William Horsley, CFOM International Director 

Article first published by the Foreign Policy Centre here

Photo Credit: IBA Human Rights Institute

The global struggle to protect free speech has reached a new fever pitch. The power of news media to act as a safeguard against tyranny has been critically undermined as the world’s autocracies have grown to outnumber the democracies. The Economist says a global gag on free speech has tightened thanks to “the new censors”. Technology has brought new opportunities to suppress truthful communications, and the coarsening of language has poisoned the well of public debate, affecting us all.

Recognising those dangers, 200 leading international lawyers and civil society figures gathered in London in January at the launch of a remarkable initiative aimed to turn back the tide by harnessing the law in the service of free speech. Renowned human rights lawyer Amal Clooney and Lord Neuberger, former President of the UK Supreme Court, have marshalled some of the world’s most authoritative jurists. Their joint publication Freedom of Speech in International Law (OUP) seeks to codify the universal rights to freedom of expression in a single substantial volume for the first time.

The book charts the chilling decline in protections for speech in multiple jurisdictions. It also it aims to provide a useable roadmap for governments to comply with the minimum standards in law that they have signed up to. The endeavour is inspired by the belief that the impressive body of international human rights laws that has been developed since 1945 – although much scorned and often flouted – can yet be used by “courts and newsrooms” around the world to win this Manichean contest.

Lord Neuberger sounded a personal alarm, telling the meeting he had never before been so keenly aware of the importance and the fragility of international law. When Slobodan Milošević was found guilty of war crimes at the tribunal in The Hague in 1999, he had thought that victory for justice would usher in a new “era of accountability”. Now instead he saw signs of an “age of impunity and apathy”, and declared it to be imperative to halt the slide towards “unreason” or even fascism.

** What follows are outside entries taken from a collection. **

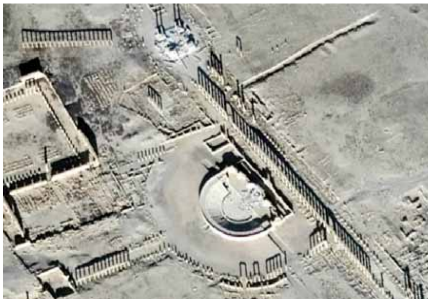
PALMYRA, Syria: This handout picture provided yesterday and taken on Jan 10, 2017 shows a close-up of a satellite-detected image of the damaged Roman tetrapylon (top) and amphitheater (center) in this ancient city.

Syria's government waged a fierce battle to take back all of the northern city of Aleppo from rebel forces. The surprise fall of Palmyra, in the central province of Homs, gave IS a propaganda boost as it faced twin assaults on two of its key strongholds - Raqqa in Syria and Iraq's second city Mosul. Syrian forces have battled to prevent further IS advances around Palmyra, and on Thursday fierce clashes between pro-government fighters and jihadists near a military airport in the region left 30 dead, a monitor said.
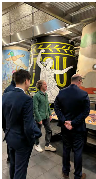
Château Carmes Haut-Brion... Graves x hipster
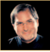
Steve Jobs, founder of Apple Inc
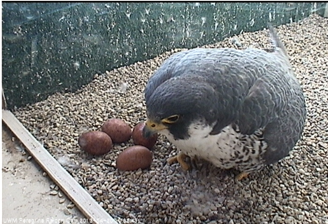
4-20-2013 - Female with 4 eggs.
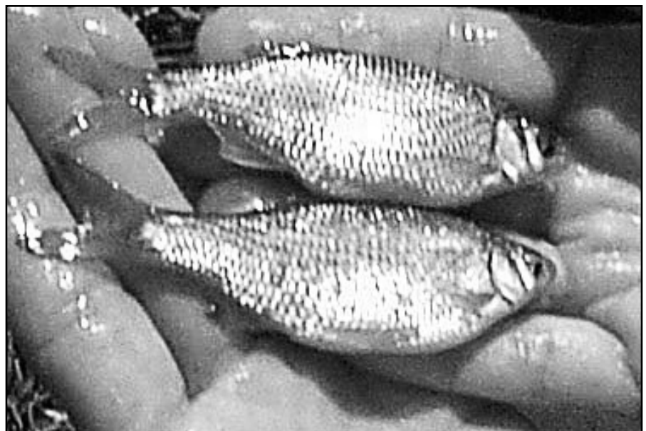
Figure 1. Broodstock nutrition influences the quality of eggs and larvae.

Heavy plankton blooms in shallow baitfish ponds help prevent the growth of aquatic weeds, but
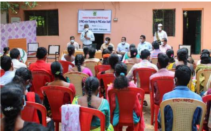
PHC level training on vaccination

Amal Clooney is the project’s moving spirit. In Gaza, journalists are “our eyes and ears”, Clooney said, but more than 70 had been killed in “the deadliest month ever recorded” for journalists in any conflict. In India the authorities’ widespread use of sedition and terrorism laws sends journalists and human rights defenders to jail for years even before a conviction. In the Philippines the Nobel prize-winning journalist Maria Ressa still faces a possible six years in jail after a “false” libel conviction in a corruption case. And in Thailand thousands of citizens have been prosecuted for criticising the King, an offence which carries a penalty of up to 15 years in jail.

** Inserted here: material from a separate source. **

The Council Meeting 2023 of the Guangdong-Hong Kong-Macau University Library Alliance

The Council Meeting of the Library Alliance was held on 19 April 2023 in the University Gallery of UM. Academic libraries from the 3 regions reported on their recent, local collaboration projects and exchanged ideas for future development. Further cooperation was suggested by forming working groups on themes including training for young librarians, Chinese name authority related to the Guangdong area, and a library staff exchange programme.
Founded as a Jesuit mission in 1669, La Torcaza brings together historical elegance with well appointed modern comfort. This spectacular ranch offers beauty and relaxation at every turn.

The authors – seven in all – focus on four categories of laws which they say are being weaponised to silence the press and independent voices: laws regulating political speech, false speech, hate speech, and speech related to official secrets and national security.

Photo Credit: IBA Human Rights Institute

They recount how new legislative tools are being used by states to quash dissent – not only familiar ones like sedition, treason and criminal defamation laws but increasingly terrorism, ‘false news’ and other vague laws that autocrats use to protect themselves against unflattering press. Hong Kong, for example, has revived sedition laws which have lain dormant for decades with devastating consequences for publisher Jimmy Lai and a host of other critical voices.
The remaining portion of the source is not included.